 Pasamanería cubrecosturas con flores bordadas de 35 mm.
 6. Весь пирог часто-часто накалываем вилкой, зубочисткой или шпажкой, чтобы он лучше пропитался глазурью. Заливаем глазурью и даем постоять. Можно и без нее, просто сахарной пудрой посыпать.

==

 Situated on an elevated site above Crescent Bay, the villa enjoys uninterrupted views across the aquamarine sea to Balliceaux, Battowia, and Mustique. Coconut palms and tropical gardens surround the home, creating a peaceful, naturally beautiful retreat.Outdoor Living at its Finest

--

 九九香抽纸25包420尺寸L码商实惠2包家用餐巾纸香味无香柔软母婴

*What you need to do*: Copy the stretch of the records above that runs from the line with "Pasamanería cubrecosturas con" through the line with "6. Весь пирог". Both end lines belong in the copy, and nothing else does.

*Solution to this problem*:
 Pasamanería cubrecosturas con flores bordadas de 35 mm.
 6. Весь пирог часто-часто накалываем вилкой, зубочисткой или шпажкой, чтобы он лучше пропитался глазурью. Заливаем глазурью и даем постоять. Можно и без нее, просто сахарной пудрой посыпать.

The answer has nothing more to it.